Apple had also argued that if Corellium’s virtualization tools were used by the wrong person, the vulnerabilities discovered with the tools could be used to hack iPhones. The judge in the case, Judge Rodney Smith, called these claims from Apple “puzzling, if not disingenuous.”
As reported by The Washington Post, a federal judge in Florida sided with Corellium and said that the company had established fair use for using Apple’s code, thereby denying Apple’s request for a permanent injunction against the security startup.
“Weighing all the necessary factors, the Court finds that Corellium has met its burden of establishing fair use,” Judge Smith wrote Tuesday’s order. “Thus, its use of iOS in connection with the Corellium Product is permissible.”
Corellium is a security research platform that allows users to run virtualized versions of iOS on desktop computers. This makes the process of finding bugs and vulnerabilities in the operating system far easier, but Apple had argued that Corellium blatantly infringes upon its copyrights by offering this virtualization technology.

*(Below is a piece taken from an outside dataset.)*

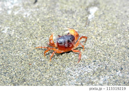 オトリ生け簀の土台のタタキに棲み着いたサワガニ

Interestingly, The Washington Post adds that Apple’s claim Corellium “circumvented security measures” and violated the DMCA has not yet been thrown out:
Apple initially attempted to acquire Corellium in 2018, according to court records. When the acquisition talks stalled, Apple sued Corellium last year, claiming its virtual iPhones, which contain only the bare bones functions necessary for security research, constitute a violation of copyright law. Apple also alleged Corellium circumvented Apple’s security measures in order to create the software, thereby violating the Digital Millennium Copyright Act. That claim has not been thrown out.
Apple’s lawsuit against Corellium came after the company significantly revamped its bug bounty program last year with higher payouts and a new device program that gives researchers what are essentially “pre-jailbroken” iPhones.